Tendo em vista que o coronavírus possui alto potencial de proliferação em ambientes de elevada densidade populacional, as autoridades de saúde têm recomendado o isolamento social como medida de combate à propagação da doença. Empresas e profissionais liberais tiveram que adequar suas atividades à recomendação imposta.
Com vistas a continuar prestando o devido atendimento, os serviços de saúde também tiveram que passar por adaptações, as quais também visam colaborar com o isolamento social recomendado. Verifica-se, então, um exponencial crescimento de atendimentos por meio de telemedicina, nos mais variados contextos e especialidades, uma vez que tal procedimento possibilita maior proteção dos profissionais e pacientes do contágio.
A telessaúde é prática já utilizada há tempo na psicologia, sendo regulamentada pela Resolução nº 11 de 2018 do Conselho Federal de Psicologia (CFP)[2], que permite a oferta on-line de diversos serviços, desde que devidamente autorizados pelo SATEPSI (Sistema de Avaliação de Testes Psicológicos) e de acordo com as normativas vigentes do Conselho Federal de Psicologia.
Com o advento da pandemia, outras áreas da saúde emitiram posicionamentos. O Conselho Federal de Fonoaudiologia (CFFA) emitiu orientação[3] permitindo a utilização de teleconsulta e telemonitoramento e, na mesma linha, o Conselho Federal de Nutricionistas (CFN), por meio da Resolução nº 646 de 18 de março de 2020[4] e o Conselho Federal de Fisioterapia e Terapia Ocupacional (COFFITO), por meio da Resolução nº 516 de 20 de março de 2020[5].

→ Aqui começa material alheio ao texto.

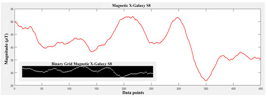 First, a matrix containing zeros of M × N size is declared where M is number of rows and N is the number of columns. Then, each magnetic data point is taken and converted to a row number by subtracting it from the maximum data point and rounding it. Afterwards, a 1 is added to the calculated row and this process is repeated for all the data values. The BG shown in Figure 7 (left) is for the first twenty values only of the graph shown in Figure 7 (right), while Figure 8 shows the magnetic x axis for Galaxy S8 and its associated BG.
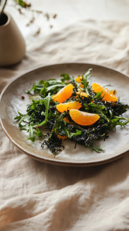 Vibrant salad featuring fresh arugula, juicy orange slices, and seaweed, artfully arranged on a ceramic plate. The composition highlights a healthy and refreshing culinary choice

O Conselho Federal de Medicina (CFM), por meio de decisão tomada através do Ofício nº 1756 de 2020[6], reconheceu a possibilidade de utilização de telemedicina, nos seguintes termos:
“5. Este Conselho Federal de Medicina (CFM) decidiu aperfeiçoar ao máximo a eficiência dos serviços médicos prestados e, EM CARÁTER DE EXCEPCIONALIDADE E ENQUANTO DURAR A BATALHA DE COMBATE AO CONTÁGIO DA COVID-19, reconhecer a possibilidade e a eticidade da utilização da telemedicina, além do disposto na Resolução CFM nº 1.643, de 26 de agosto de 2002, nos estritos e seguintes termos:
Buscando regulamentar e operacionalizar a telemedicina como medida de enfrentamento à pandemia do COVID-19, o governo federal editou, em 20 de março de 2020, a Portaria nº 467[7], e nos termos do seu artigo 2º: “As ações de Telemedicina de interação à distância podem contemplar o atendimento pré-clínico, de suporte assistencial, de consulta, monitoramento e diagnóstico, por meio de tecnologia da informação e comunicação, no âmbito do SUS, bem como na saúde suplementar e privada.”
Ademais, tramita da Câmara dos Deputados o Projeto de Lei nº 696/2020 que libera o uso da telemedicina em caráter emergencial enquanto durar a crise ocasionada pelo COVID-19.
Conforme verificou-se, fora imediata a movimentação dos conselhos de classe e do governo federal a fim de regulamentar a possibilidade da telemedicina durante o período de calamidade pública, restando comprovada a importância da técnica como medida de proteção aos profissionais e pacientes.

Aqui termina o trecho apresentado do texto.